On voulait dénoncer l'inaction de l'État et de la justice face à des fous qui vivent à côté de chez nous. Oumar était connu des services de police, il avait 17 mentions à son casier judiciaire, cinq condamnations. Ce n'est pas normal qu'il puisse être dehors. Face à ça, notre message, c'est l'autodéfense, dans un cadre légal. Le réflexe de s'en remettre à l'État ne fonctionne pas. On n'est pas dans des rhétoriques de guerre civile, notre idée est de monter aux jeunes qu'on peut réagir en se défendant par des moyens légaux.
Benjamin, porte-parole d'Argos
Sur le plan politique, ils soutiennent " la sanctuarisation du domicile", principe selon lequel n'importe quel citoyen a le droit de se défendre contre celui qui viole son domicile, dénonçant le sort réservé à René Galinier et Daniel Malgouyres.

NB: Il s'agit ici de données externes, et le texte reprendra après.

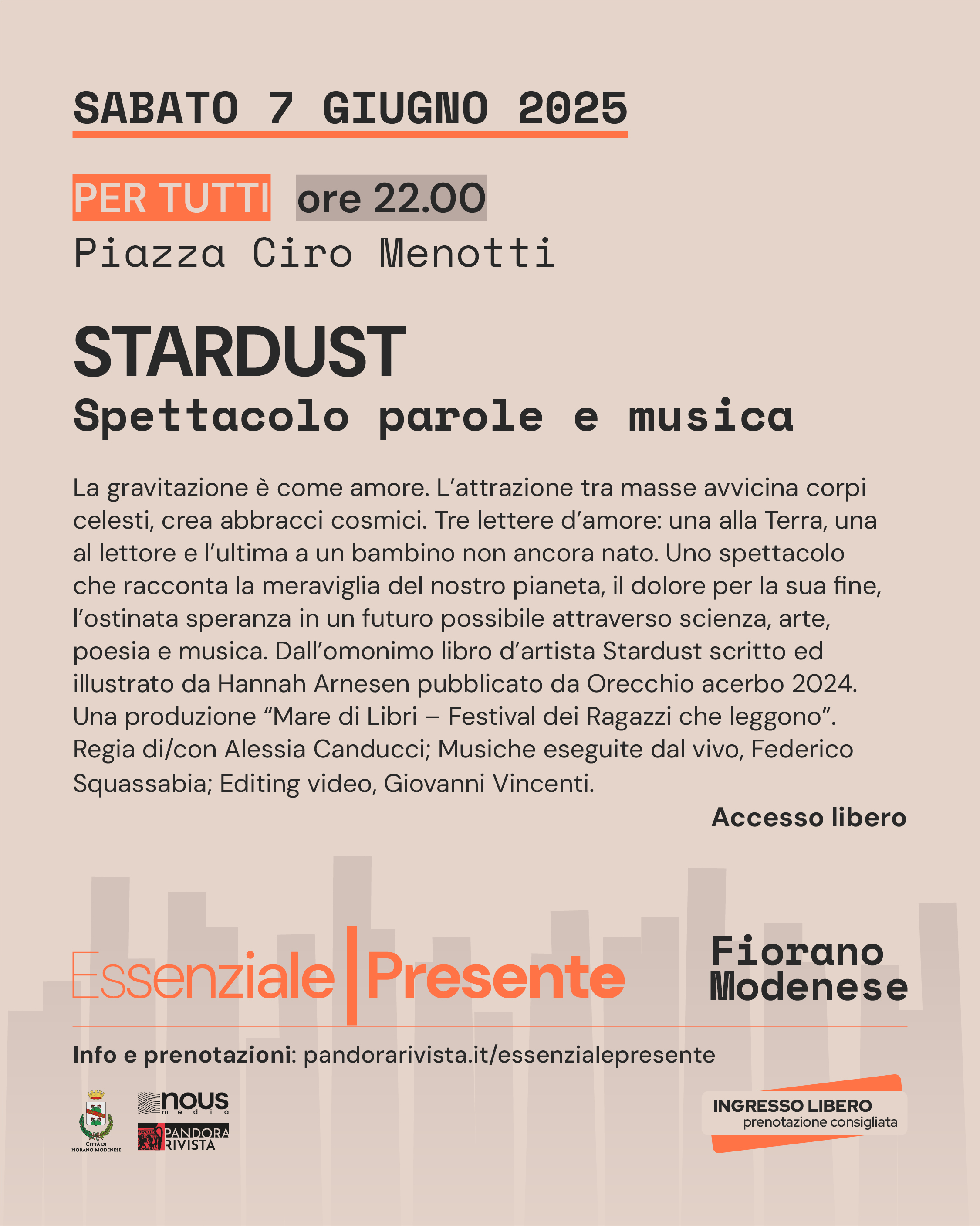 Essenziale/Presente, un nuovo festival a Fiorano Modenese, con ospiti d'eccezione, promossa dal Comune e da Pandora Rivista. Un'occasione per riflettere sulle "cose essenziali" in un presente inquieto e segnato da trasformazioni profonde. Dialoghi, incontri, esperienze, workshop e laboratori per adulti e ragazzi.

Argos milite aussi pour la refonte de la légitime défense sur le modèle suisse, pour soit pris en compte " l'état de stress psychologique, et que le principe d'immédiateté soit remplacé par celui du temps global de l'action, plus réaliste".
Environ 200 membres revendiqués en France
Pour autant, des couteaux et des matraques ont été retrouvés par les gendarmes ayant arrêté la douzaine de membres du collectif, samedi après-midi. " Il s'agissait de deux couteaux de cuisine et d'une matraque, qui ont été retrouvés dans le coffre d'une voiture de l'un de nos membres", explique Benjamin, porte-parole d'Argos.
" Quand on est arrivé dans le quartier des Provinces, la police était déjà au courant qu'il allait se passer quelque chose puisque trois cars de CRS étaient stationnés à proximité, poursuit-il. On a dû faire très rapidement l'action, avec une quinzaine de militants alors qu'on était une quarantaine. Après, on a vu trois cars de gendarmes arriver pour nous arrêter, mais les militants se sont dispersés et aucun de nous n'a été interpellé sur place".
C'est en fait bien après l'action, sur le retour de Cherbourg, que deux véhicules se sont fait intercepter par un barrage routier. Les armes de catégories D ont été découvertes à ce moment-là, et les douze activistes arrêtés. Après deux jours de garde à vue, ils ont comparu ce lundi devant le tribunal correctionnel de Cherbourg, et sont ressortis libres.
Originaires de Lyon, Paris, Nantes et Marseille, ces jeunes adhérents (le plus âgé a 28 ans) connaîtront leur sort prochainement. Argos revendique environ 200 membres disséminés aux quatre coins de la France, notamment à Rouen et dans la région.